30. A reaction mix comprising:

(a) a DNA substrate that comprises cytosines; and

(b) a double-stranded DNA deaminase having an amino acid sequence that is at least 80% identical to any of SEQ ID NOS: 21, 40, 47, 49, 50, 55, 58, 59, 62, 63, 65, 67, 70, 71, 76, 106, 107, 110, 112, 114, 117, 163 and 164.

31. The reaction mix of claim 30, wherein the DNA substrate comprises cytosines and at least one modified cytosine.

32. The reaction mix of claim 31, wherein the modified cytosine is a 5fC, 5caC, 5mC, 5hmC, N4mC or pyrrolo-C.

33. A method for base editing comprising:

contacting a fusion protein with a target sequence to produce an edited target sequence

comprising at least one deaminated cytosine or deaminated modified cytosine, wherein the fusion protein comprises a dsDNA deaminase fused to a DNA binding domain.

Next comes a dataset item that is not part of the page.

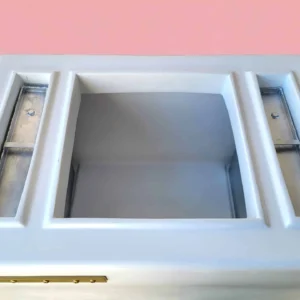 The Tall Standard Popsicle Cart with bicycle tires and chrome trim is perfect for events, pop-up stands, and catering. Stores up to 400 popsicles, requires no electricity, and is easy to maneuver.

34. The method of claim 33, wherein the DNA binding domain is selected from a Cas9 domain, a Cas12 domain, a transcription activator-like effector nuclease (TALEN domain), a zinc finger (ZF) domain, a transcription activator-like effector (TALE) domain, and a methyl binding domain (MBD) domain.

35. The method of claim 34, wherein the fusion protein further comprises a guide RNA complementary to at least a portion of the targeted sequence.

36. The method of claim 33 wherein the fusion protein comprises an enzyme at is at least 80% identical to any of SEQ ID NOS:1-152.